Some of the city’s most prominent Confederate monuments were knocked from their pedestals. So were Chef John Besh, former Gov. Bobby Jindal and former Pelican star Anthony Davis.
The city soldiered on without them. Because that’s what New Orleans does.
The soul-sapping list of notable crimes would take up more space than allotted for this column: a shooting during the Muses parade, the airport machete attack, the Endymion crash, spiking murder rates, the shooting of U.S. Rep. Steve Scalise at a congressional baseball practice in the suburbs of Washington, D.C.…
And now another new decade dawns. And, once again, there’s reason for hope.
The LSU Tigers, led by freshly minted Heisman Trophy winner Joe Burrow, are in the title hunt.

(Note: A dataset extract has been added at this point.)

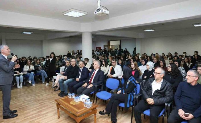 İnegöl Meslek Yüksek Okulu Müdürü Prof. Dr. Hikmet Sami Yıldırımhan’ın açılış konuşmasıyla başlayan buluşmada, Başkan Alper Taban şöyle konuştu: “Bugün kısaca şehrimizi size anlatmak, ancak daha çok sizleri dinlemek için buradayız. Öğrencilerimizin büyük bölümü de İnegöl dışından gelen öğrenciler. Öncelikle şunu ifade etmeliyim ki gerçekten önemli bir şehirdesiniz. Her şehrin kendine göre farklı dinamikleri, farklı majör, ön plana çıkmış, baskın durumları vardır. İnegöl’de ağırlıklı olarak bir sanayi şehri. İnegöl fırsatlar sunan bir şehir. Sizler de şu anda da hayat akışı içerisinde öğrencilik dönemindesiniz. İnegöl bu süreçte sizlere iş hayatında, kariyer noktasında, ticari hayatta ve ekonomik olarak gelişiminizde katkı sunabilecek bir şehir. Ben bunu çok kıymetli buluyorum. Pek çok şehir gezdik gördük, her şey var ama iş bulma imkanı yok. İnegöl bu anlamda çok kıymetli.”
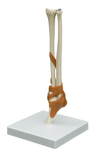 Denna modell är ett praktiskt och visuellt verktyg för att förstå och förklara armbågsledens anatomi och rörelseomfång.

So are the Saints and their own hotshot gunslinger.
Hubig’s is expected to return its beloved hand pies to store shelves in 2020. We’ve got a gleaming new billion-dollar airport to welcome all those who come to bask in the city’s unique flavors.
In short, there are plenty of good reasons to believe the 2020s will, indeed, roar. If the past is any guide, though, there will be times it will also bite.
The one thing we know for sure is that the band should stay warmed up and ready to play.
Because we’ll be dancing, one way or the other.